Angefangen hat es eigentlich viel früher. Geradeso gut kann ich aber auch behaupten, es hat an diesem einen Abend angefangen, ein paar Tage, nachdem ich aus Witz zurück war.

Ungefähr zehn, vielleicht halb elf. Spielt keine Rolle. Auf alle Fälle ein saukalter, beißender Wind. Schummertal. November. Und mein Herz so triefend schwer wie ein alter, feuchter Lappen.

Ich also ins Maison auf einen Kaffee mit Schuss.

Die Knastrente war schon verjubelt, ohne dass ich wusste, wo und wie. Ich also ohne Kohle damals, aber dringend einen Kaffee mit Schuss nötig, ein wenig Gesellschaft und ein paar Stimmen.

Wie gesagt, nichts in der Tasche außer ein paar Zigaretten und ein paar Münzen. Ein Engpass halt, aber ein ziemlich enger. Wartete auf was, das mir einer noch schuldete. Sag mal jemandem, wenn du gerade aus dem Loch raus bist, jemand schulde dir noch ziemlich viel Kohle, doch seist du gerade nicht besonders flüssig. Das interessiert so keine Sau.

Eben, ich also ins Maison, bestelle einen Kaffee mit Schuss, da fragt mich die Regula, ob ich bezahlen könne.

Keine so schlechte Frage, zugegeben.

Mach keine Geschichten, Regi, sei so gut, bring ihn erst mal, so ich zu ihr, dann schauen wir weiter.

Bist ein ewiger Schwätzer, sagt sie und bringt ihn.
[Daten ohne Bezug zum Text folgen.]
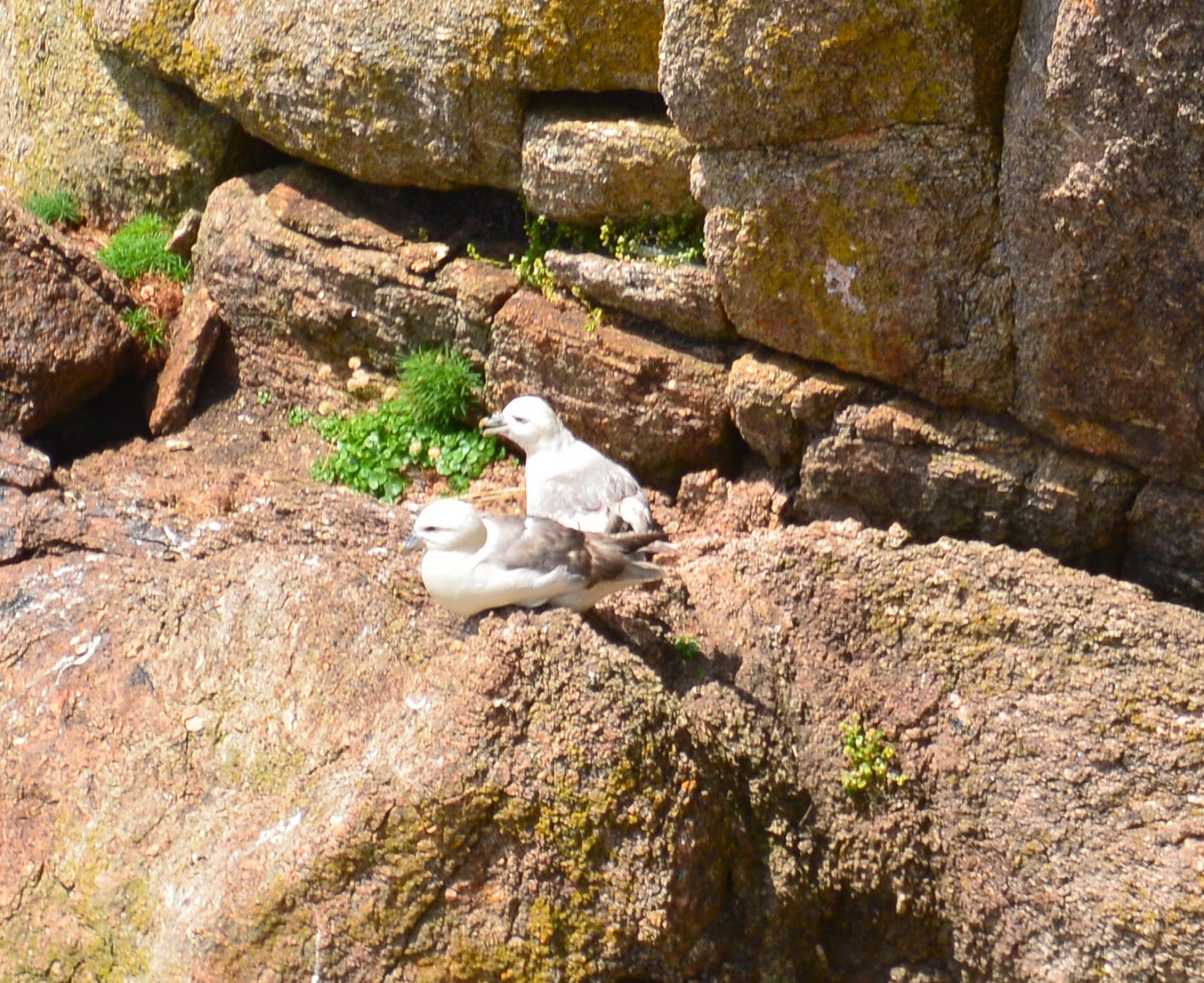 Vi gik så rundt i området og der er flot. På klipperne herunder ses hvide plamager. Det er fuglkidt - Guano - fra de rastende/ynglende fugle:
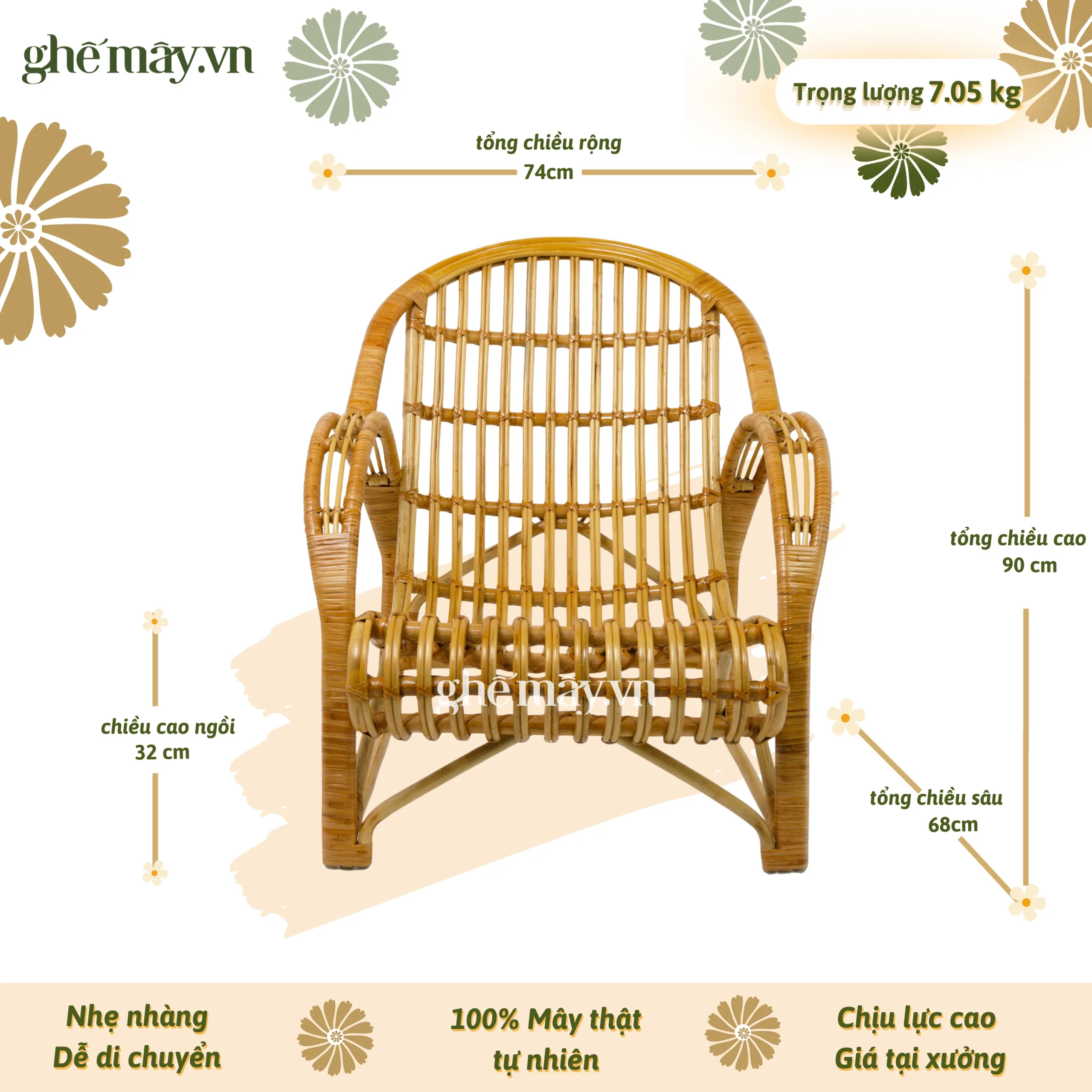 Chiếc ghế không chỉ là món đồ nội thất thông thường mà còn mang trong mình “hồn dân tộc” – một biểu tượng của sự giản dị, bền bỉ và dẻo dai, như chính những sợi mây được đan kết nên hình hài sản phẩm. Mỗi đường cong, mỗi mối nối đều toát lên vẻ đẹp tự nhiên, thân thiện và gần gũi, gợi nhắc đến nếp sống thanh đạm, tinh tế của người Việt xưa.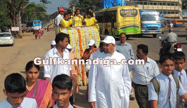 Zilla panchayat member Prakash Mendon start opened the programme by flying the balloons in the sky and blessed for the success of the programme.City procession was inaugurated by Rev.Fr.Anil D’Souza, convener St Mary’s education institution. Rajesh Kaveri, corporation member lighted the ‘Kreeda Jyothi’.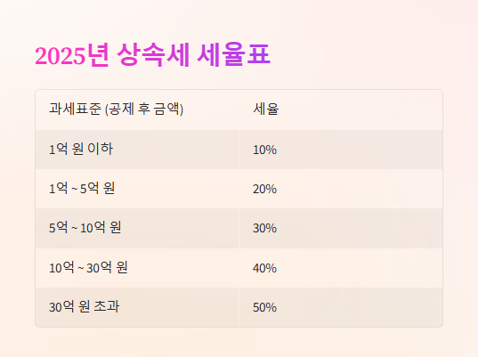 ✔ 상속세율은 과세표준(공제 후 금액)에 따라 10~50% 차등 적용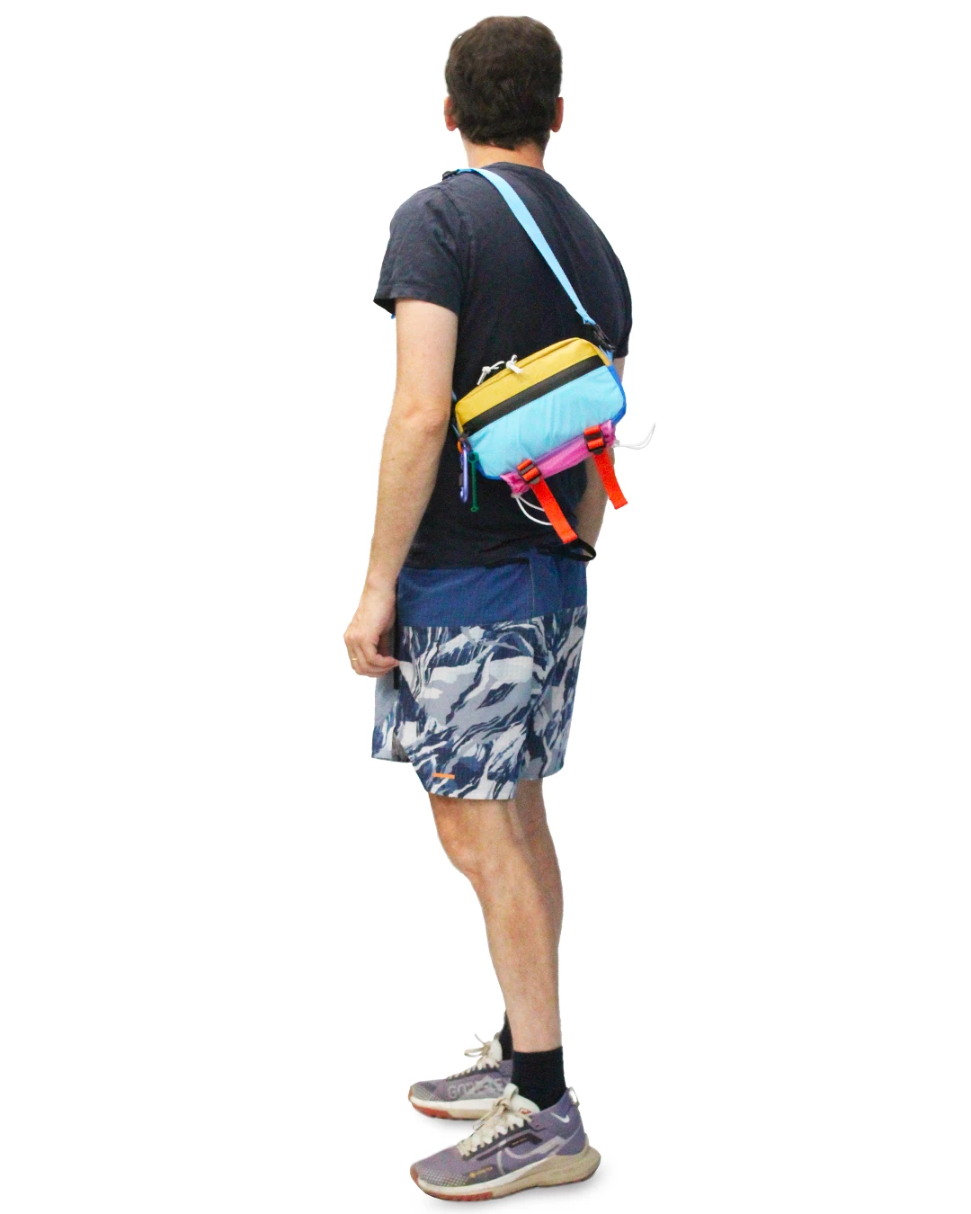 Small rectangular bag with rounded corners, waterproof, can be worn at the waist or over the shoulder.- zipped exterior pocket – PVC pocket for a water bottle or umbrella on the bottom – double flat strap to hold a jacket or other item. Interior: bias finish. Main opening waterproof neoprene zip -adjustable strap – 2 ways to weat it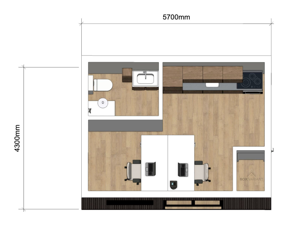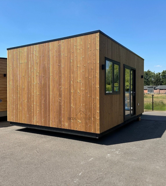 Compact van formaat, ruim in gebruik. Deze prefab unit is stijlvol afgewerkt en voorzien van alle gemakken – inclusief een complete keuken en badkamer. Perfect als rustige thuiswerkplek of als atelier.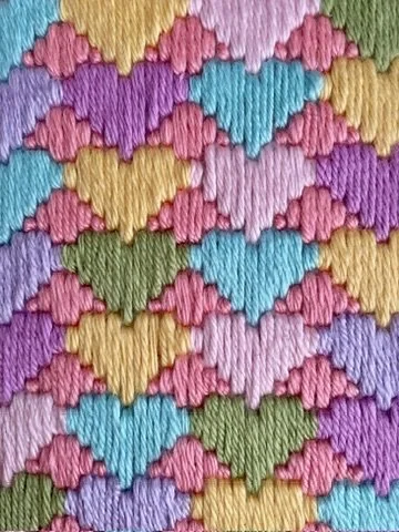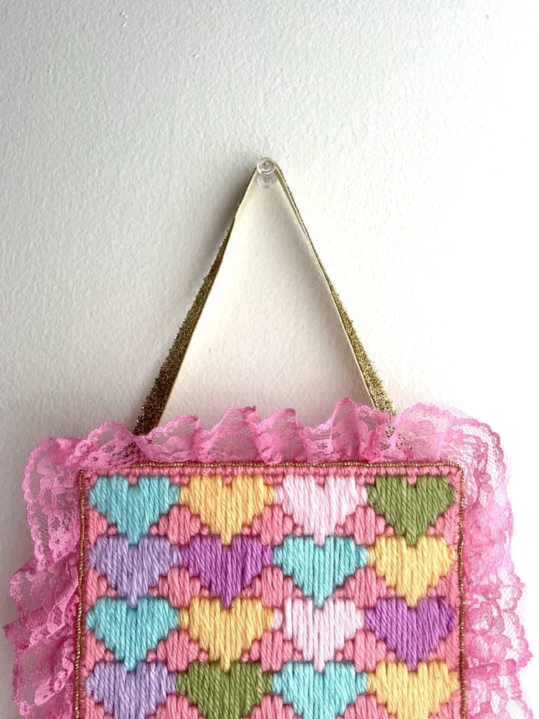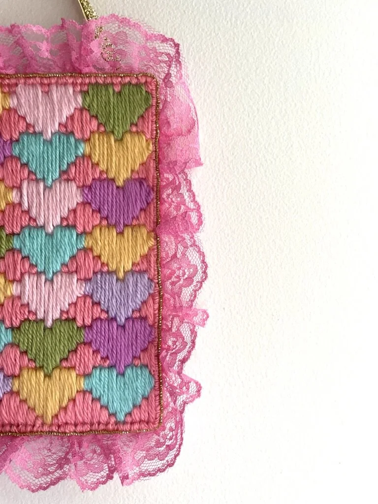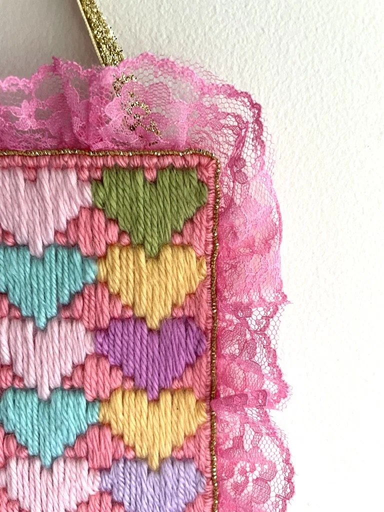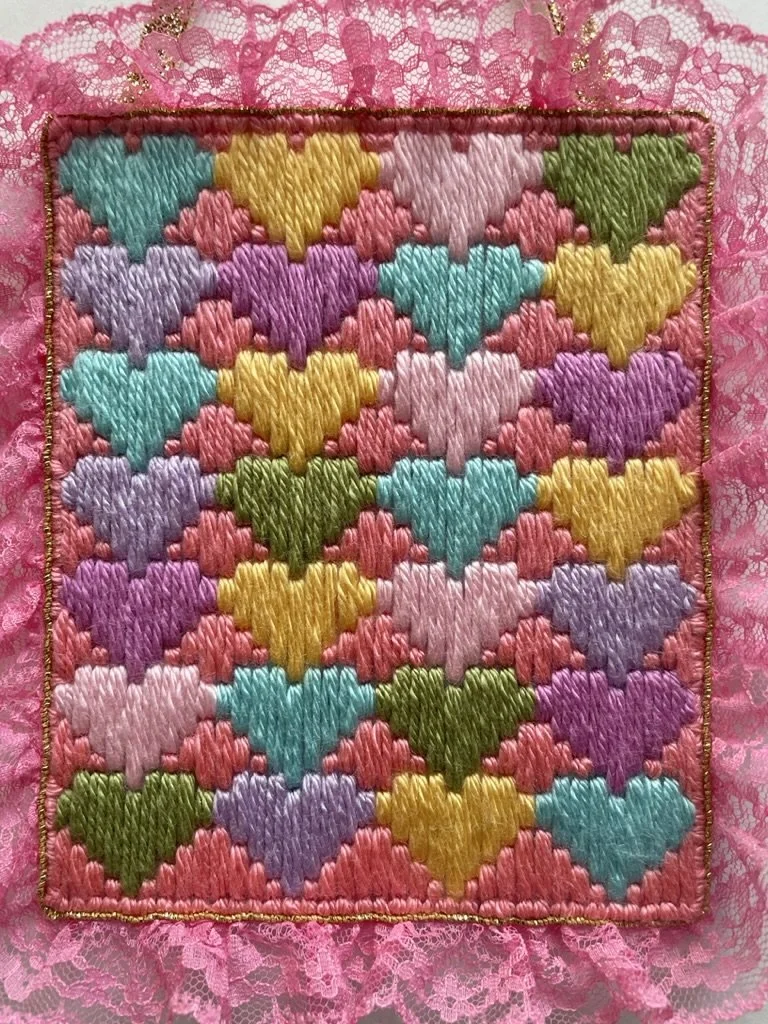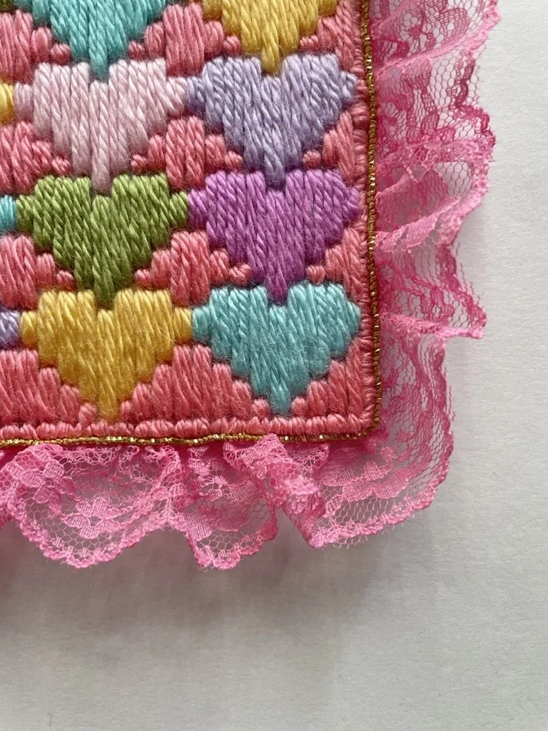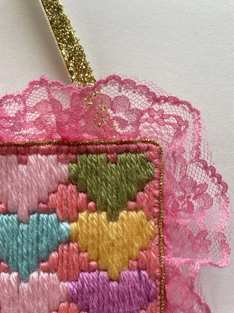 maxine (2024) bargello needlepoint with acrylic yarn, lace trim, textured metallic ribbon, and hand-embroidered gold thread on plastic canvas

Hab’s nicht getippt, sagt sie, und schaut mich so an, weiß auch nicht genau, wie, anders als sonst, mit etwas mehr Sehnsucht in den Augen oder so ähnlich. Keine Ahnung, wie es anderen ergeht, aber mich wärmt so was bis ins Innerste, wenn mich eine Frau wie Regi so anschaut.

Danke, Regi, bist lieb. Bezahl’s dir mit Beten zurück.

Ich solle aufhören mit den ewigen Sprüchen und mich vor allem nicht daran gewöhnen, sagt sie, weil wenn Pesche erfährt, dass ich diesen Kaffee Schnaps nicht getippt habe, gibt’s ernsthafte Probleme. Ich wisse ja selbst, wie Pesche sein könne.

Die ist einfach eins a, die Regula, die muss man loben, die schaut zu unsereiner, sagt sich einfach mal, das tipp ich jetzt nicht, das merkt ja wahrscheinlich keiner, und der Wirt, der Pesche, merkt es eh als Letzter, und der Goalie hat so seinen Kaffee mit Schuss und Schluss.

Mir war ja schon lange klar, dass Regula ein großes Herz hat. Aber an jenem Abend hat sie angefangen, mir auch in anderen Belangen zu gefallen.

Das ist ja im Grunde extrem komisch: Da kennst du eine Frau seit Jahren, und du denkst dir nicht viel, und plötzlich, mein Gott, plötzlich hat sie was. Ja, doch, plötzlich hat sie so was, so etwas, das dich nervös macht, plötzlich gefällt sie dir. Das soll begreifen, wer will. Ich hatte viele offene Fragen, ganz ehrlich. Aber an dem Abend interessierte mich mit einem Mal nur noch eine Frage brennend: Ist es wohl möglich, dass Regula und ich in diesem Leben einmal ein Paar werden?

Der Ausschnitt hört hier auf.